Von news.de-Redakteurin Mara Schneider - Uhr

Abschiedsbrief eines Depressiven: Torwart Enke entschuldigt sich für Täuschung

Robert Enke litt seit Jahren an Depressionen. Eine stationäre Behandlung lehnte der Torwart jedoch konsequent ab. In seinem Abschiedsbrief entschuldigt er sich auch bei seiner Frau Teresa, dass er sie nicht über seinen Seelenzustand informiert hat.

Mit stockender Stimme berichtet Teresa Enke vom Zusammenleben mit ihrem Mann Robert, der an Depressionen litt. (Foto) Suche
Mit stockender Stimme berichtet Teresa Enke vom Zusammenleben mit ihrem Mann Robert, der an Depressionen litt. Bild: dpa

Erst nach dem Tod von Robert Enke kommt ans Licht, wie schlecht es dem Torwart wirklich ging. Dem behandelnden Arzt zufolge litt der 32-Jährige bereits seit Jahren an Depressionen. «Robert Enke hat sich 2003 zum ersten Mal in meine Praxis begeben», bestätigte der Kölner Mediziner Valentin Markser auf einer Pressekonferenz des Fußball-Bundesligisten Hannover 96.

Damals habe er bei Enke Depressionen und Versagensängste diagnostiziert. Mehrere Monate lang sei Enke täglich in Behandlung gewesen, bis sich sein Zustand stabilisiert hatte. «Schon im Frühjahr 2004 hat er ja er wieder in Barcelona und dann in Hannover spielen und leben können», erinnerte sich der Mediziner.

Lange Zeit schien es Robert Enke danach gut zu gehen. Was in ihm wirklich vorging, wusste wohl nur seine Ehefrau Teresa, die ebenfalls auf der Pressekonferenz dabei war. Bevor sie sprach, wirkte sie gefasst. Doch als sie den Journalisten vom gemeinsamen Leben mit ihrem Mann berichtete, rang die Witwe um Fassung.

«Wenn Robert akut depressiv war, war es schon eine schwere Zeit. Ihm hat völlig der Antrieb gefehlt und er hatte keine Hoffnung auf baldige Besserung», erzählte die Witwe stockend. Doch es sei der ausdrückliche Wunsch des Nationalspielers gewesen, die Probleme innerhalb der Familie zu behalten. Er wollte sein Privatleben schützen und seine Karriere als Fußballprofi nicht gefährden.
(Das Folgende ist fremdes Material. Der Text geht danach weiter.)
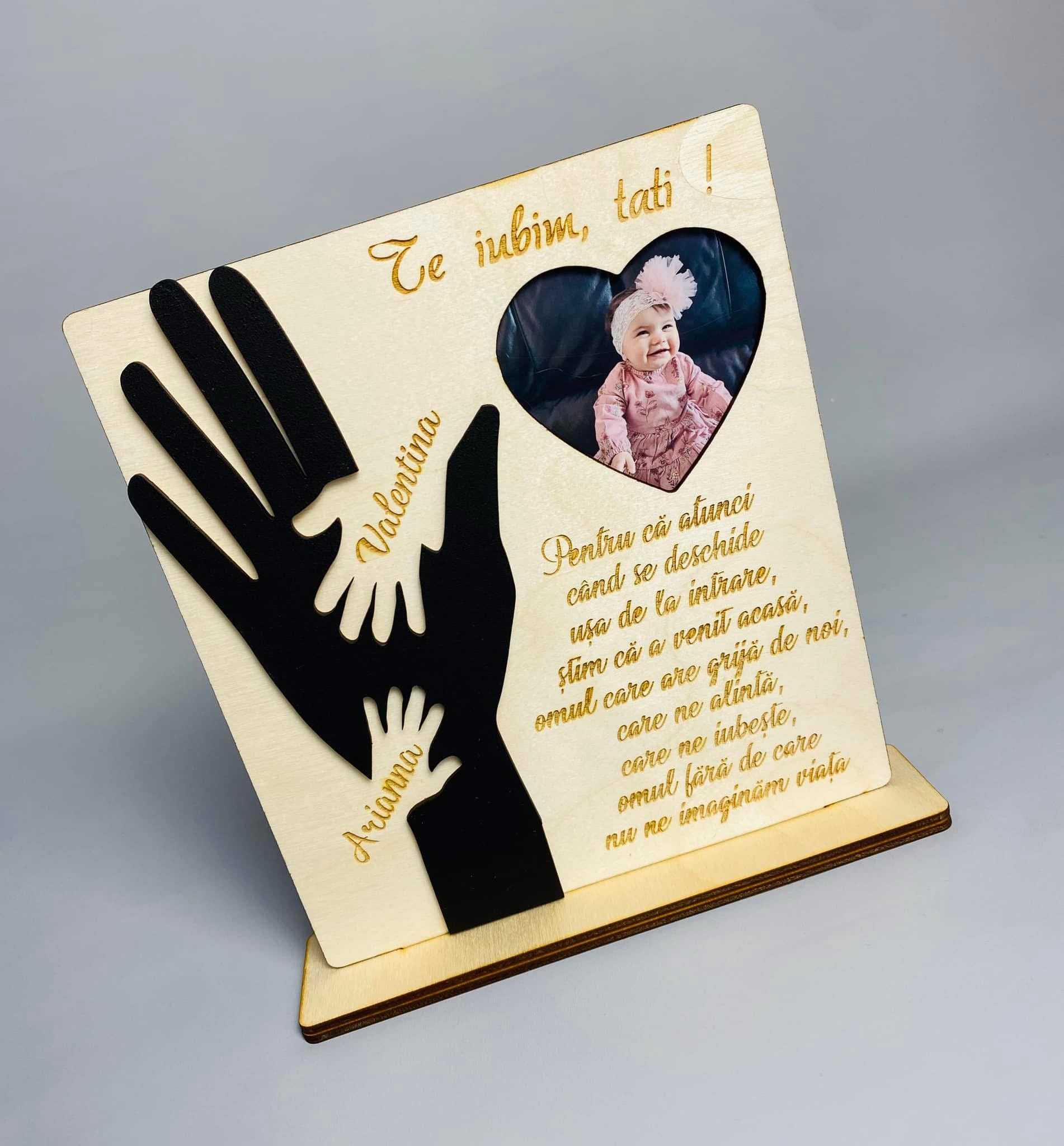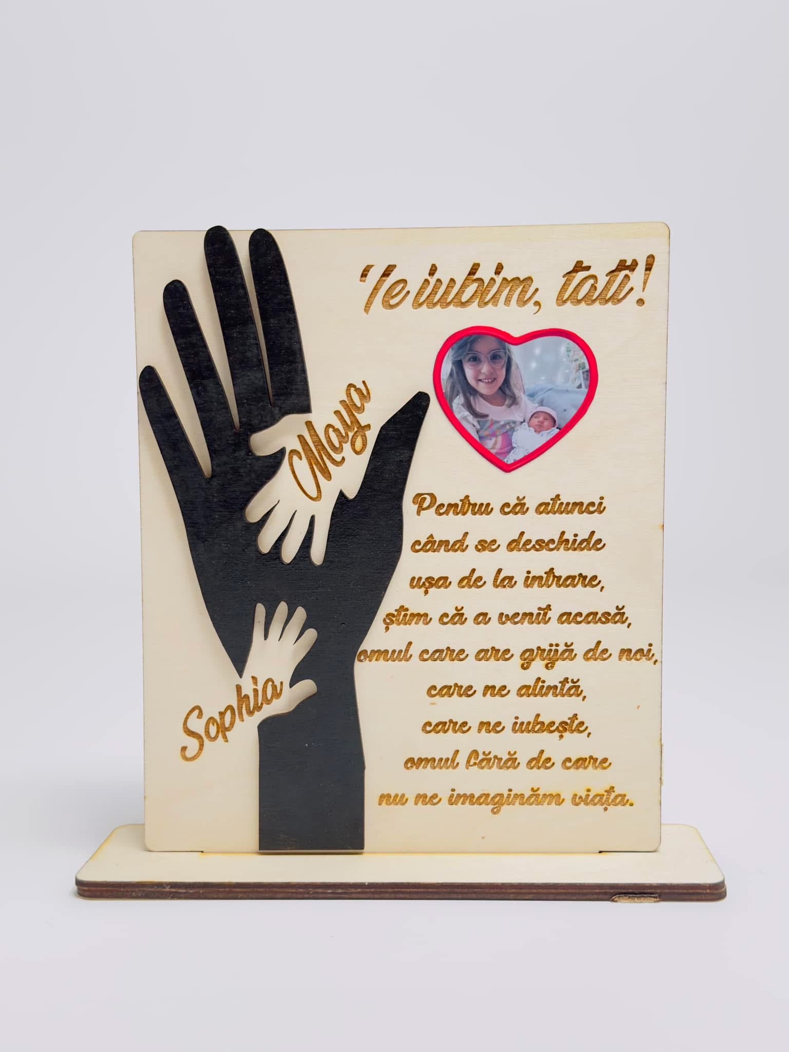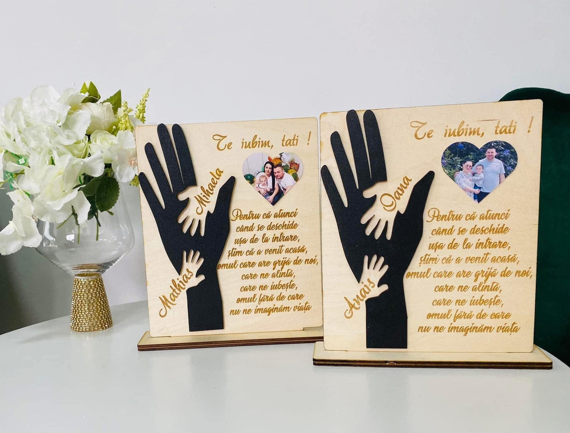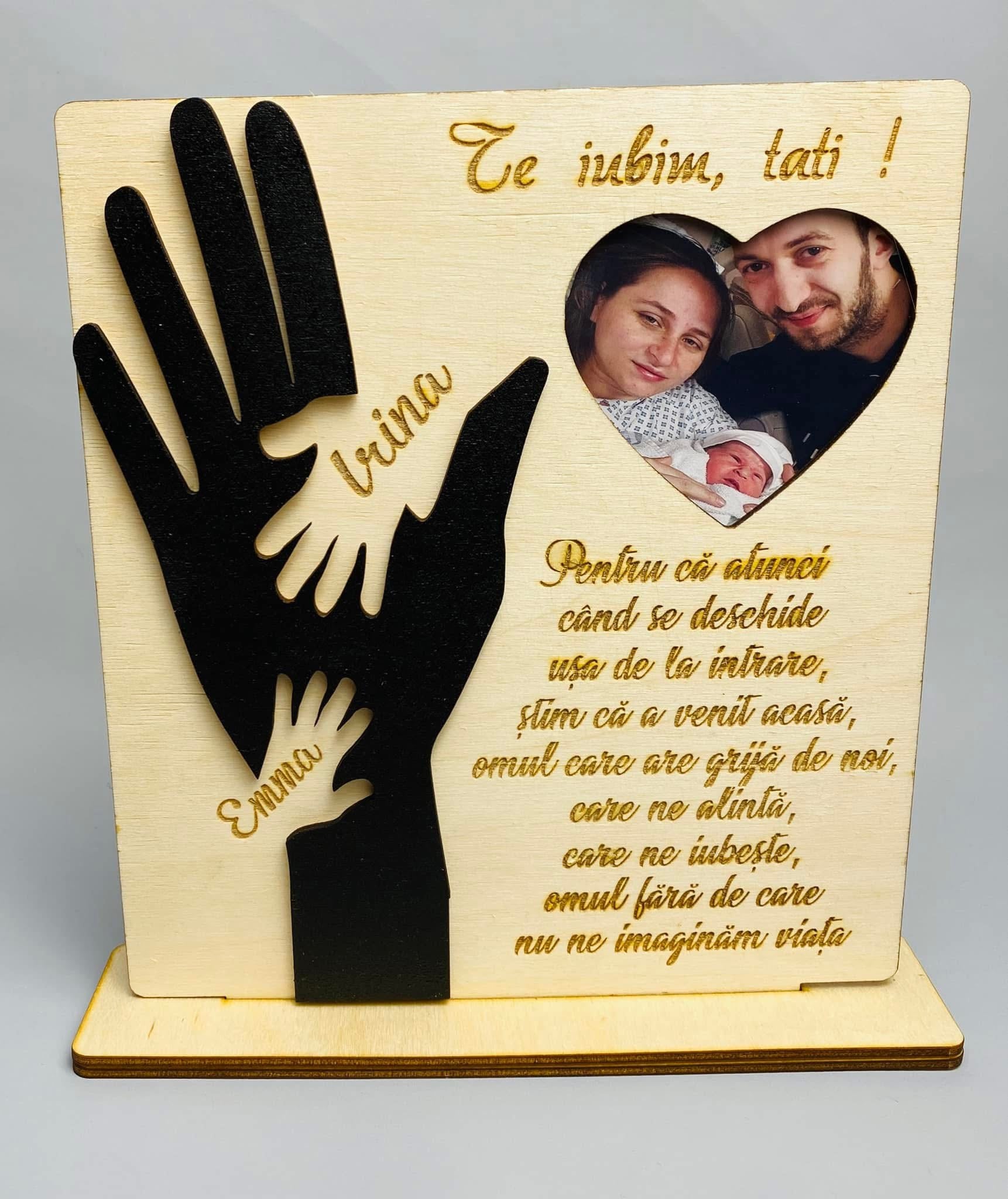 Un cadou emoționant care surprinde iubirea și legătura de familie într-un mod unic. Această ramă din lemn realizată cu grijă include un design de mână tăiat cu laser, nume gravate și un mesaj personalizat, plus spațiu pentru o fotografie în formă de inimă, fiind astfel un suvenir perfect pentru tati, mami sau bunici.

Außerdem hatte Enke Angst, aufgrund seiner Erkrankung das Sorgerecht für die im Mai adoptierte Leila zu verlieren.

Gemeinsam hätte die Familie versucht, die schwere Zeit auch nach dem Tod der gemeinsamen Tochter Lara im September 2006 zu verarbeiten. «Wir haben gedacht, wir schaffen alles. Mit Liebe geht das schon», erinnerte sich Teresa Enke. «Aber man schafft eben doch nicht alles.»

Vor sechs Wochen, Anfang Oktober, habe sich Robert Enke dann erneut in medizinische Behandlung begeben, berichtete sein Arzt. «Er rief mich an, weil er wohl seit dem Sommer zunehmend in eine Krise geraten war.» Abermals stellte er damals depressive Verstimmungen und Antriebsstörungen fest. Daraufhin habe Enke das Training bei Hannover 96 unterbrochen und eine Länderspielpause eingelegt.

Dass der Torwart unter akuter Selbstmordgefahr stand, erkannte Markser jedoch nicht, wie er auf der Pressekonferenz eingestand. «Ich habe die Gefährdung nicht bemerkt, Robert Enke konnte das Ausmaß seiner Depression gut verbergen», sagte er.

Das zeigt auch der Abschiedsbrief, den der 32-Jährige hinterlassen hat und aus dem der Mediziner kurz zitierte: «Robert Enke entschuldigt sich in seinem Abschiedsbrief für die bewusste Täuschung seiner Angehörigen und der Behandelnden über den seelischen Zustand.» Diese Täuschung sei jedoch nötig gewesen, um «seinen Selbstmordplan zu verwirklichen», heißt es in dem Schreiben weiter.

Noch am Tag seines Selbstmordes habe Enke mit einem Chefarzt telefoniert und eine stationäre Behandlung wie schon zuvor weiter konsequent abgelehnt. «Ich habe versucht, für ihn da zu sein, ihm eine Perspektive und Hoffnung zu geben», so die letzten Worte von Teresa Enke während der Pressekonferenz. «Ich wollte ihm klarmachen, dass es noch so  viele andere schöne Dinge gibt, nicht nur den Fußball. Dass wir dankbar sein können, Leila zu haben. Und das wir dankbar sein können, Lara gehabt zu haben.»